Hayato Kuroda (Fujitsu) Wed, 11 Dec 2024 01:30:29 -0800

Dear hackers,

I did some benchmarks with the patch. More detail, a pub-sub replication system
was built and TPS was measured on the subscriber. Results were shown that the
performance can be degraded if the wal_receiver_status_interval is long.
This is expected behavior because the patch retains more dead tuples on the
subscriber side.
Also, we've considered a new mechanism which dynamically tunes the period of 
status
request, and confirmed that it reduced the regression. This is described the 
latter
part.


Below part contained the detailed report.

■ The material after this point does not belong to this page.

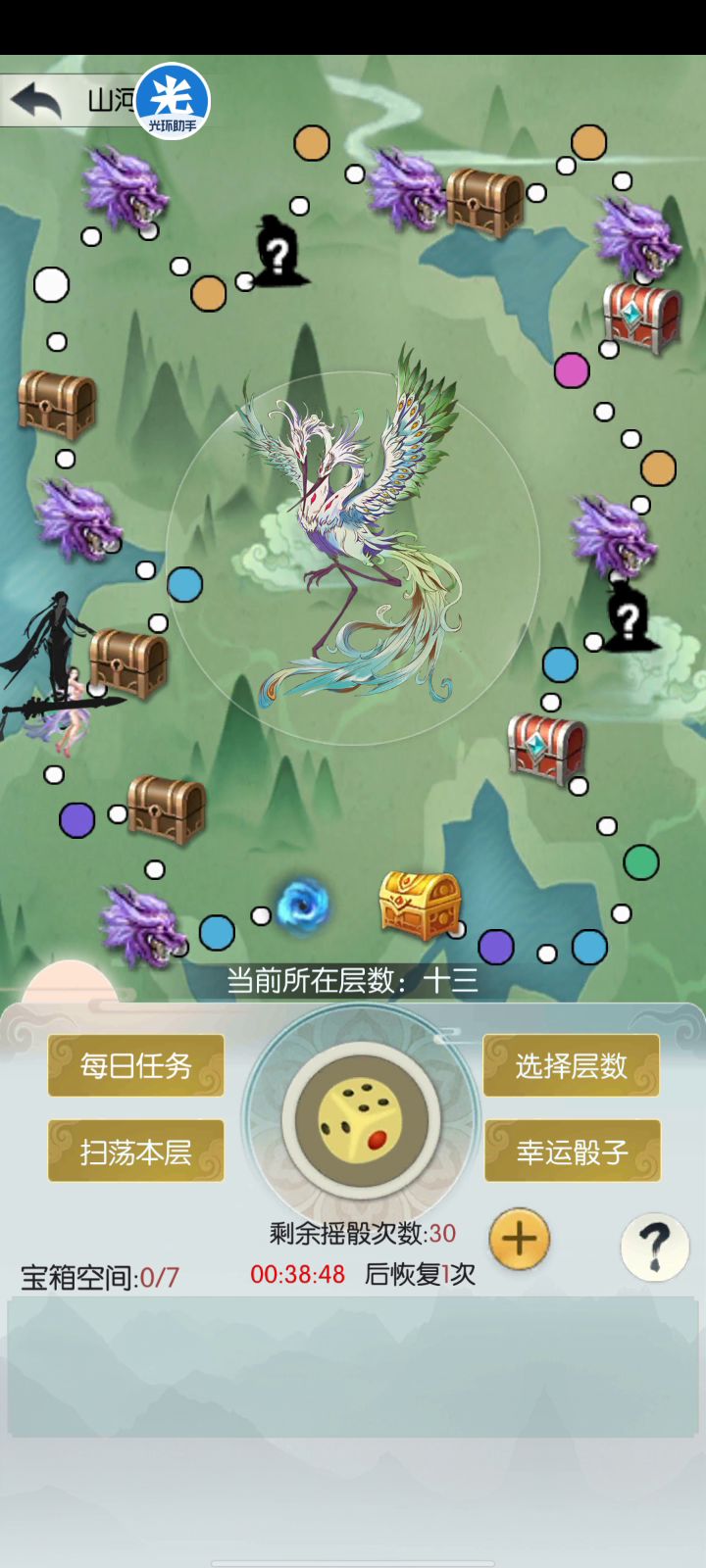 跑山河攻略,今天运气太差见谅啊。大家将就看看好了。我是从11关开跑的,至于为什么从11开跑是因为所有关卡商人11的商人最远,加上开局送的3个自选骰子可以让我们有优先选择权而且材料换龙玉也是从这一关开始每种材料都能换20龙玉😁。整个山河副本能跑的商人层数据我的经验跑法是:(11、13、18、9、7、3、5)唯一需要注意第7和第13关最好直接用一步到商人的方式抵达,然后当天最好停在其中一层商人的位置第二天就直接少跑一个。

## Motivation - why the benchmark is needed

V15 patch set introduces a new replication slot on the subscriber side to retain
needed tuples for the update_deleted detection.
However, this may affect the performance of query executions on the subscriber 
because
1) tuples to be scaned will be increased and 2) HOT update cannot be worked.
The second issue comes from the fact that HOT update can work only when both 
tuples
can be located on the same page.

Based on above reasons I ran benchmark tests for the subscriber. The variable 
of the
measurement is the wal_receiver_status_interval, which controls the duration of 
status request.

## Used source code

HEAD was 962da900, and applied v15 patch set atop it.

## Environment

RHEL 7 machine which has 755GB memory, 4 physical CPUs and 120 logical 
processors.

## Workload

1. Constructed a pub-sub replication system.
   Parameters for both instances were:

   share_buffers = 30GB
   min_wal_size = 10GB
   max_wal_size = 20GB
   autovacuum = false
   track_commit_timestamp = on (only for subscriber)
  
2. Ran pgbench with initialize mode. The scale factor was set to 100.
3. Ran pgbench with 60 clients for the subscriber. The duration was 120s,
   and the measurement was repeated 5 times.

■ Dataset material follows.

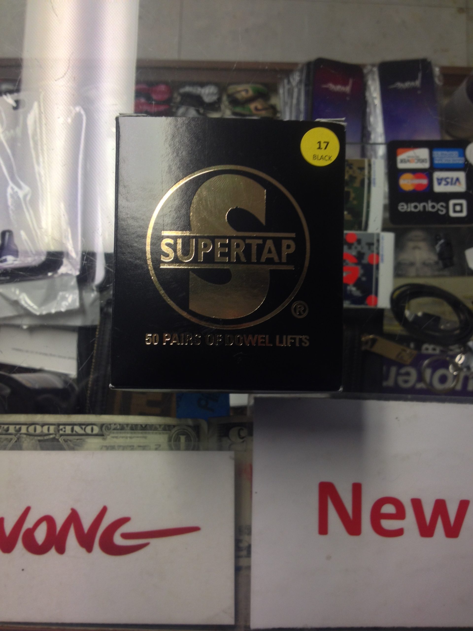 info: “Super Tap Dowel Lift Heel Tips #17 Black,” 50 pairs Per Box

Attached script can automate above steps. You can specify the source type in the
measure.sh and run it.

## Comparison

The performance testing was done for HEAD and patched source code.
In case of patched, "detect_update_deleted" parameter was set to on. Also, the
parameter "wal_receiver_status_interval" was varied to 1s, 10s, and 100s to
check the effect.

Appendix table shows results [1]. The regression becomes larger based on the 
wal_receiver_status_interval.
TPS regressions are almost 5%(interval=1s) -> 25%(intervals=10s) -> 55% 
(intervals=55%).

Attached png file visualize the result: each bar shows median.

## Analysis

I attached to the backend via perf and found that heapam_index_fetch_tuple()
consumed much CPU time ony in case of patched [2]. Also, I checked 
pg_stat_all_tables
view and found that HOT update rarely happened only in the patched case [3].
This means that whether backend could do HOT update is the dominant.

When the detect_update_deleted = on, the additional slot is defined on the 
subscriber 
ide and it is updated based on the activity; The frequency is determined by the
wal_receiver_status_intervals. In intervals=100s case, it is relatively larger
for the workload so that some dead tuples remained, this makes query processing 
slower.

This result means that users may have to tune consider the interval period based
on their workload. However, it is difficult to predict the appropriate value.

## Experiment - dynamic period tuning

Based on above, I and Hou discussed off-list and implemented new mechanism which
tunes the duration between status request dynamically. The basic idea is similar
with what slotsync worker does. The interval of requests is initially 100ms,
and becomes twice when if there are no XID assignment since the last 
advancement.
The maxium value is either of wal_receiver_status_interval or 3min.

Benchmark results with this are shown in [4]. Here wal_receiver_status_interval
is not changed, so we can compare with the HEAD and interval=10s case in [1] - 
59536 vs 59597.
The regression is less than 1%.

The idea has already been included in v16-0002, please refer it.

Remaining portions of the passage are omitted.